# Creating Video Clips
This notebook demonstrates using a YOLOv4 model to process individual frames and use the resulting output to generate information about the video.
We use detections of labels over sequential frames to generate Clips which describe the existance of those objects within a specific portion of the video.

# Install ApertureDB
First we install the ApertureDB python module and other modules we need for running our model. Then, we verify our connection.

In [None]:
!pip install aperturedb tqdm
from aperturedb import Utils
c = Utils.create_connector()

In [None]:
u = Utils.Utils(c)
u.summary()

# Download resources
Now we need to download the python code to run the model, `yolov4.py` and the video we are going to use, `norman.mp4`, a video about a dog riding a bicycle.

This was chosen because it includes several labels but also because it has detections which overlap - dogs and bikes.

In [None]:
# Now we retrieve the items we are working with:
# Retrieve the YOLO4 interface
!rm -f yolo4.py
!wget https://raw.githubusercontent.com/drewaogle/YOLOv4-OpenCV-CUDA-DNN/refs/heads/main/yolo4.py
# Retreive video
!wget https://aperturedata-public.s3.us-west-2.amazonaws.com/aperturedb_applications/norman.mp4


# Run The Detector
Now that we've downloaded our YOLOv4 code, let's run it.
This will need to download the weights and some configuration; about 300M and will do it automatically.

After downloading or verify files, it will then process the video. with `no_squash_detections` as `True` it won't overwrite an existing output dir, so delete it to rerun. This code can support hardware acceleration, but is designed so it won't be unwieldly without it. Detections should be at about 3-10fps without hardware, and take less 5 minutes.

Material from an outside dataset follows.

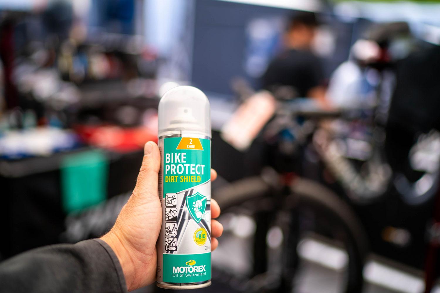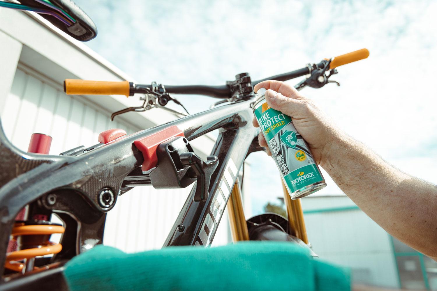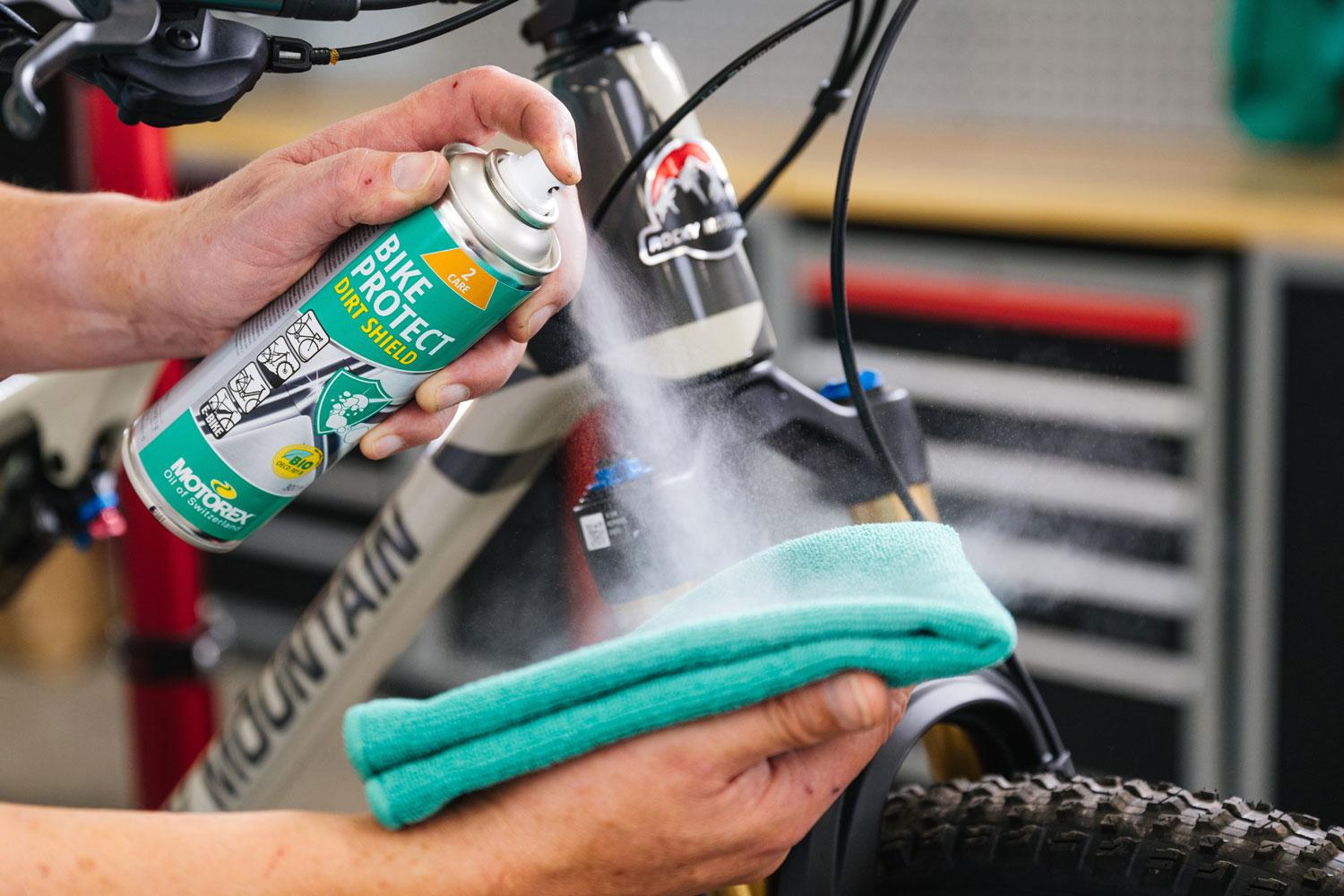 Aplikácia: Bicykel vyčistite prípravkom BIKE CLEAN a obnovte ho do pôvodného stavu pomocou iných mazív a ošetrovacích prostriedkov MOTOREX. Pred použitím pretrepte. Nastriekajte BIKE PROTECT BIO na handričku alebo mikrovláknovú utierku a votrite ho do vyčistených a suchých častí. Predtým otestujte kompatibilitu materiálu na nenápadnom mieste. Nestriekajte na brzdové kotúče.

If a file were to fail halfway through it, rerunning the loader wont be happy ( sha2 sums won't match )
`!rm ~/models` will reset the downloads, though.

In [None]:

from importlib import reload
import yolo4
reload(yolo4)
from yolo4 import RemoteYOLOv4
class DetectorOptions:
    image='' # path for images
    stream='' # path for stream
    cfg="models/yolov4.cfg" # path to config
    weights="models/yolov4.weights" # path to weights
    namesfile="models/coco.names" # path for output to name mapping
    input_size=416
    use_gpu=False # use GPU or not
    outdir="output/norman"
    no_squash_detections=True # if detections exist, don't rerun.
    def __init__(self, image='',stream=''):
        self.image = image
        self.stream=stream # 'webcam' to open webcam w/ OpenCV

# now we pull data
dopts = DetectorOptions( stream="norman.mp4")
yolo = RemoteYOLOv4.__new__(RemoteYOLOv4)
yolo.__init__(dopts)


## Now Check Detections
the YoloV4 code we use outputs detections sequentially into a csv file, so let's load the file and see what the output looks like.

In [None]:
#Now let's check detections
import pandas as pd
df = pd.read_csv("output/norman/detections.csv")
print(df)

# Process Into Clips
Now that we've verified that we have the data from the model, we will take the output and process it into Clips.

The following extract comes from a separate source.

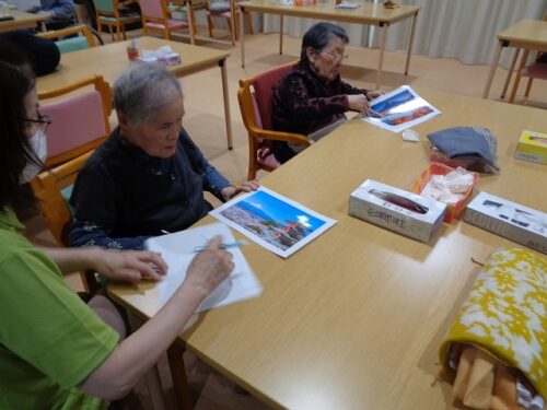 こちらは職員さんと塗り絵をして頭を使い脳トレ中でした!

We will define a few classes and functions to process our model output.

- `ClipOptions` - an options class that we will use to define how it works;  
- `preprocess` - convert the dataframe into information the detection can use
- `Clip` - a class that defines our output
- `ClipStorage` - a class for maintaining state between the functions
- `process_new_frame` - a function to run when we see a new frame
- `process_row` - a function to run we we see a new detection
- `process` - the function to process the whole video/csv.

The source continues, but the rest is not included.